Keywords: adenosquamous carcinoma, gamma knife radiosurgery, brainstem metastasis, stereotactic aspiration
Introduction
Brain metastases are common intracranial malignancies, occurring in 15–40% of adult cancer patients. Only 3–5% of all brain metastases are located in the brainstem. The primary tumor with the highest rate of brainstem involvement is lung cancer, followed by breast cancer, ovarian cancer, colorectal cancer, renal cell carcinoma and melanoma. Brainstem metastases have a poor prognosis and are particularly challenging to manage; clinical reviews of patients treated for brainstem metastases have reported median survival times ranging from 1–11 months (1–12). Surgical resection is rarely a viable option due to the high risk of developing new neurological deficits or worsening of existing deficits as the majority of drugs which penetrate the blood brain barrier have been found to exhibit low efficacy in this context (5–7). Chemotherapy is also of limited use in brainstem metastases. Stereotactic radiosurgery (SRS) procedures, including gamma knife radiosurgery (GKRS) and linear accelerator (LINAC), have proven to be effective treatment modalities for brainstem metastases (2–21). To the best of our knowledge, the current study reports the first patient with histopathologically-confirmed brainstem metastasis originating from lung adenosquamous carcinoma, and discusses the outcome of stereotactic aspiration and GKRS. Written informed consent was obtained from the patient’s family.
Case report
A 59-year-old Chinese female presented to the Department of Neurosurgery, The Affiliated Hospital of Beihua University (Jilin, China) with a two-week history of vertigo and gait instability on May 19, 2012. Magnetic resonance imaging (MRI) revealed a cystic mass located in the pons. The cystic brainstem tumor initially measured 15×12×13 mm (volume, 1.3 cm3), and the cyst wall exhibited annular enhancement (Fig. 1). The patient had undergone surgical treatment for primary lung cancer, pathologically diagnosed as adenosquamous carcinoma, at Jilin Province Cancer Hospital (Changchun, China) two years prior to the current presentation.

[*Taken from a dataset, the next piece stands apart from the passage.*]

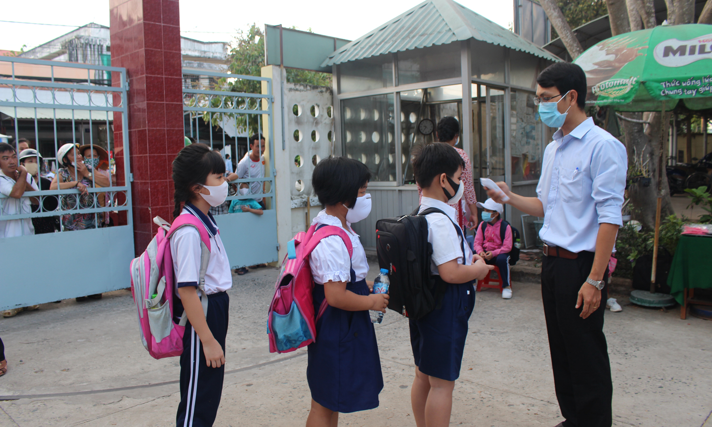 Trong sáng nay, các trường học tỉnh Tiền Giang đã đón trên 137 nghìn học sinh Tiểu học, trên 98 nghìn học sinh THCS và trên 45 nghìn học sinh THPT sẽ trở lại trường sau kỳ nghỉ phòng chống dịch bệnh Covid-19.

Brainstem metastases were diagnosed based on the clinical and neuroimaging findings, and the patient received initial GKRS for the lesion in the pons over 40 days. The total radiosurgical dose applied to the tumor was 54.0 Gy in 2 Gy daily fractions. MRI, three months following the completion of GKRS, revealed that the cystic mass had increased in size to 22×17×19 mm (volume, 3.9 cm3) (Fig. 2). The patient was subsequently referred to the Department of Neurosurgery, China-Japan Union Hospital of Jilin University (Changchun, China) for further treatment.
Figure 1.
Magnetic resonance images of the cystic brainstem metastasis taken one week after the onset of symptoms. The tumor was 15×12×13 mm in size (volume, 1.3 cm3) prior to the initial gamma knife radiosurgery. (A) Axial T1-weighted image; (B) axial T2-weighted, fluid-attenuated inversion recovery image; (C) sagittal contrast-enhanced T1-weighted image; and (D) coronal contrast-enhanced T1-weighted image. FoV, field of view; GD-TPA, gadolinium diethylenetriamine pentaacetic acid.
Figure 2.
Magnetic resonance images obtained three months following the initial gamma knife radiosurgery. The cystic mass increased in size to 22×17×19 mm (volume: 3.9 cm3). (A) Axial T1-weighted image; (B) axial T2-weighted, fluid-attenuated inversion recovery image; (C) axial diffusion-weighted image; and (D) sagittal T1-weighted image.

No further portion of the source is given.